Sergio Sarita Valdez
Haber elegido el campo de la salud como oficio principal es algo de lo que jamás hemos sentido arrepentimiento, pesar ni vergüenza.
No fueron pocas las voces agoreras que, a modo de coro, nos martillaban: “Aún estás a tiempo de cambiar de rumbo; podrías ser un prestigioso abogado o, quizás mejor, un acaudalado arquitecto”. Sin embargo, algo más poderoso —en este caso particular, la voz materna— nos reiteraba que cuidar de los enfermos y evitar la muerte prematura eran tareas nobles y dignas. Socorrer a quienes están angustiados por una situación de vida o muerte es un acto de heroicidad fraternal.
Han transcurrido más de medio siglo desde que pusimos mente y corazón en aquel juramento hipocrático. Hipócrates, médico de la Grecia Antigua, nos legó un código de conducta claro ante situaciones graves: “Jamás daré a nadie un medicamento mortal, por mucho que lo soliciten, ni tomaré iniciativa alguna de este tipo… Todo lo que vea y oiga en el ejercicio de mi profesión, y todo lo que supiere acerca de la vida de alguien, si es cosa que no debe ser divulgada, lo callaré y lo guardaré con secreto inviolable… Si cumplo este juramento íntegramente, que me sea concedido gozar de una vida feliz y cosechar los frutos de mi arte, siendo honrado por todos los hombres y por la más remota posteridad. Pero si lo transgredo y perjuro, que me alcance lo contrario”.
Ayer atendíamos al enfermo que llegaba grave a la sala de emergencias sin importar su etnia, sexo, edad, procedencia, nivel social o nacionalidad. Hoy, primero se pregunta si el afectado tiene seguro de salud. Luego se clasifica la urgencia del caso, se espera la aprobación de la aseguradora y, solo entonces, se procede a interrogar, examinar, realizar estudios y formular el tratamiento. Es común que el paciente sea llevado al centro más cercano con capacidad para brindar primeros auxilios. Si requiere traslado inmediato, su condición debe estabilizarse mientras se gestiona una cama en un segundo nivel. De no conseguirse, se sigue indagando, quizás mientras su estado empeora. No hay datos fehacientes que revelen cuántas víctimas mortales ha cobrado la burocracia sanitaria, inoportuna e insuficiente para garantizar la vida en situaciones críticas.

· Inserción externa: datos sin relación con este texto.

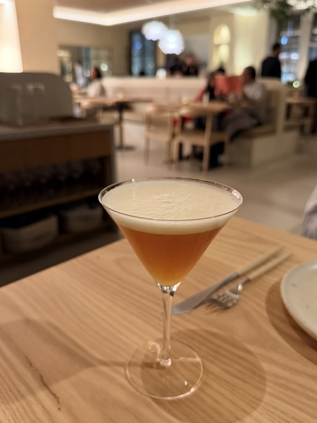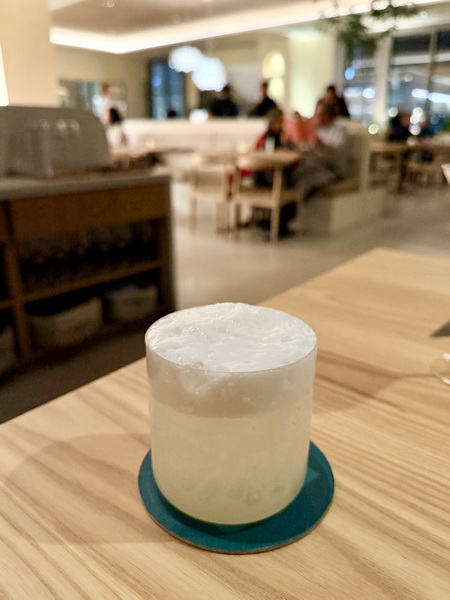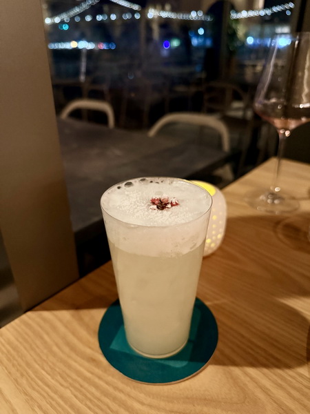 我點的是加入琴酒、柚子、柳橙花蛋白霜的調酒,綿密的口感有著柑橘的酸甜,相當開胃。
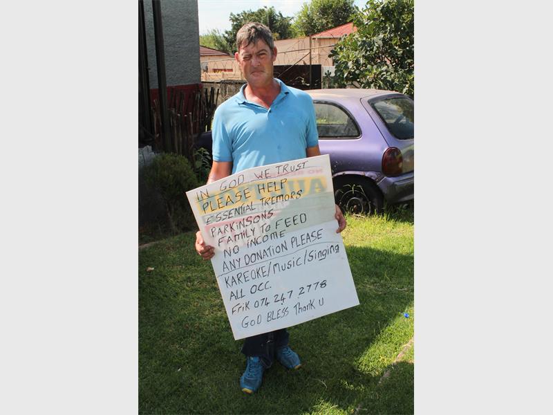 Frederick van Staden, 42, wat die afgelope agt jaar gereeld daar staan, se lewensverhaal is verbysterend. Op negejarige ouderdom is Frederick deur ‘n motor raakgery. Sy arm het aan die motor se buffer vasgehaak en hy is teen ‘n spoed van 140km/h omtrent 14m ver gesleep. Sy kop het herhaaldelik teen die padoppervlak gestamp en hy was 11 dae lank in ‘n koma. Toe hy wakker word het hy twee beroerte-aanvalle gehad. Dit het veroorsaak dat hy essensiële tremors, ‘n vorm van Parkinson se siekte kry. Hy het breinskade opgedoen en volgens Frederick het die medikasie nie gehelp nie.

De facultativos guardianes de la salud, nos convertimos en proveedores de servicios, y a los enfermos los transformaron en clientes. Ahora se negocian “paquetes de salud”: empresas venden seguros familiares o individuales cuya cobertura depende del poder adquisitivo.
De la noche a la mañana, cambiaron las reglas del juego, dejando en desventaja a los más necesitados. Vivimos bajo una ley selvática: “Sálvese quien pueda”. Aquello que soñamos y por lo que juramos se ha vuelto ceniza. Sin embargo, más temprano que tarde, nos elevaremos como el ave fénix para salir del pantano, purificados y redimidos, con mayor capacidad para servir en un nuevo orden humanizado, donde haya más y mejor vida para todos —sin excepciones—.